- TASK DETAILS
Your response should consist of the entire listing, transcribed exactly, with every image left out.

- RECORDED INFORMATION
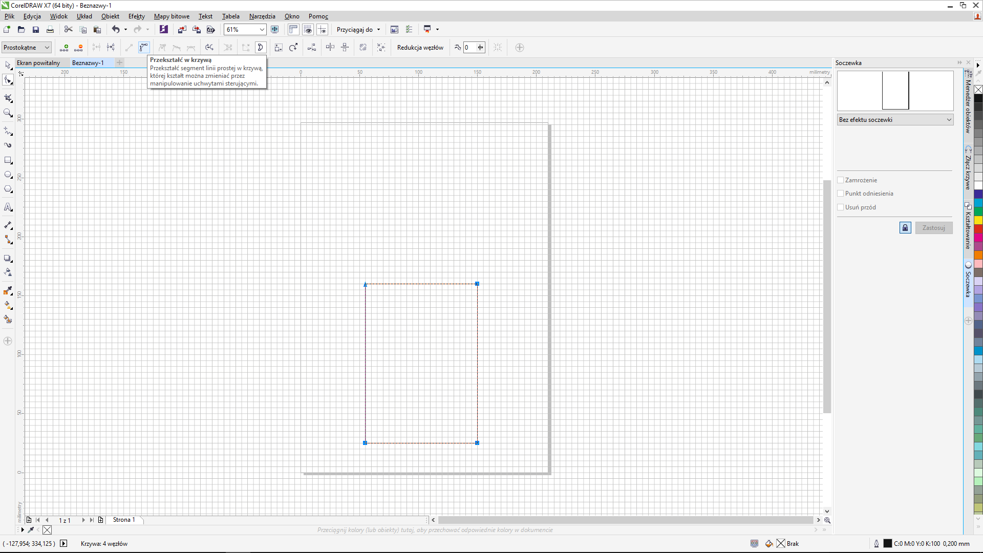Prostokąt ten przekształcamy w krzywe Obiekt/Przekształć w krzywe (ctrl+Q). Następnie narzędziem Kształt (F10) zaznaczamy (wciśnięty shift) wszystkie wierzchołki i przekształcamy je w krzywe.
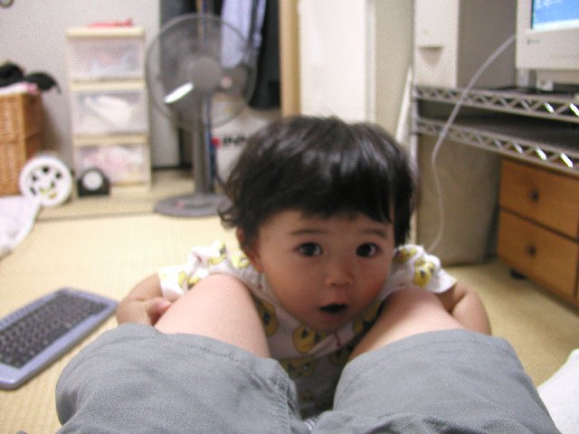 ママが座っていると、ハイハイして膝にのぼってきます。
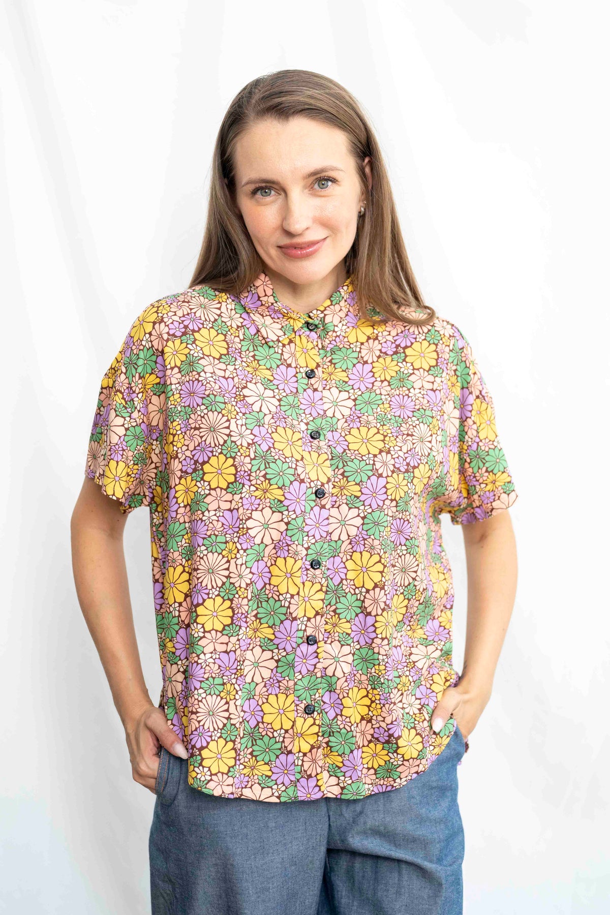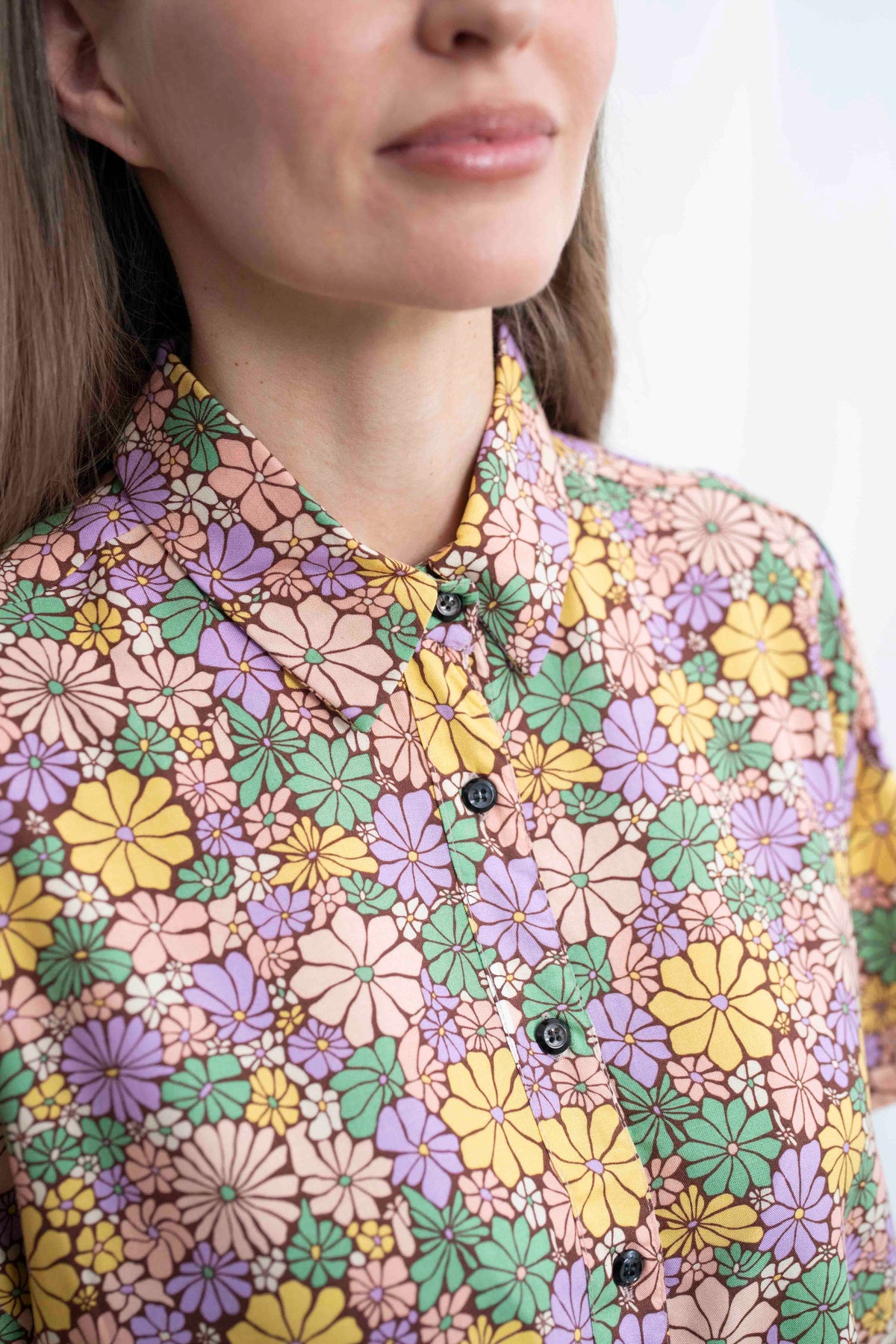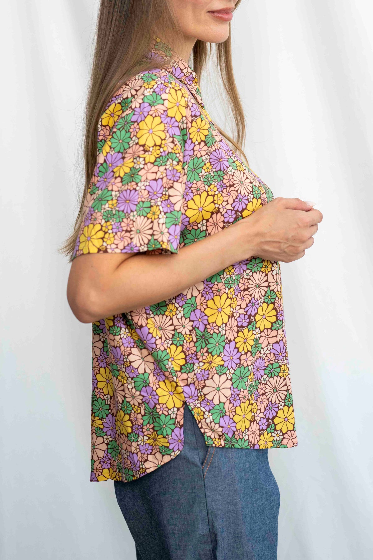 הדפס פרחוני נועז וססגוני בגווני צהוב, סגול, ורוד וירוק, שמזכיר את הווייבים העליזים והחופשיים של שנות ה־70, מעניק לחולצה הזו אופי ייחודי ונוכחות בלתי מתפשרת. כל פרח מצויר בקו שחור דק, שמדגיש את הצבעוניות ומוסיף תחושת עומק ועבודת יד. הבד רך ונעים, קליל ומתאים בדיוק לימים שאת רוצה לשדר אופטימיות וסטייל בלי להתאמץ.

- ANSWER TO THE PROBLEM
Prostokąt ten przekształcamy w krzywe Obiekt/Przekształć w krzywe (ctrl+Q). Następnie narzędziem Kształt (F10) zaznaczamy (wciśnięty shift) wszystkie wierzchołki i przekształcamy je w krzywe.
 ママが座っていると、ハイハイして膝にのぼってきます。
 הדפס פרחוני נועז וססגוני בגווני צהוב, סגול, ורוד וירוק, שמזכיר את הווייבים העליזים והחופשיים של שנות ה־70, מעניק לחולצה הזו אופי ייחודי ונוכחות בלתי מתפשרת. כל פרח מצויר בקו שחור דק, שמדגיש את הצבעוניות ומוסיף תחושת עומק ועבודת יד. הבד רך ונעים, קליל ומתאים בדיוק לימים שאת רוצה לשדר אופטימיות וסטייל בלי להתאמץ.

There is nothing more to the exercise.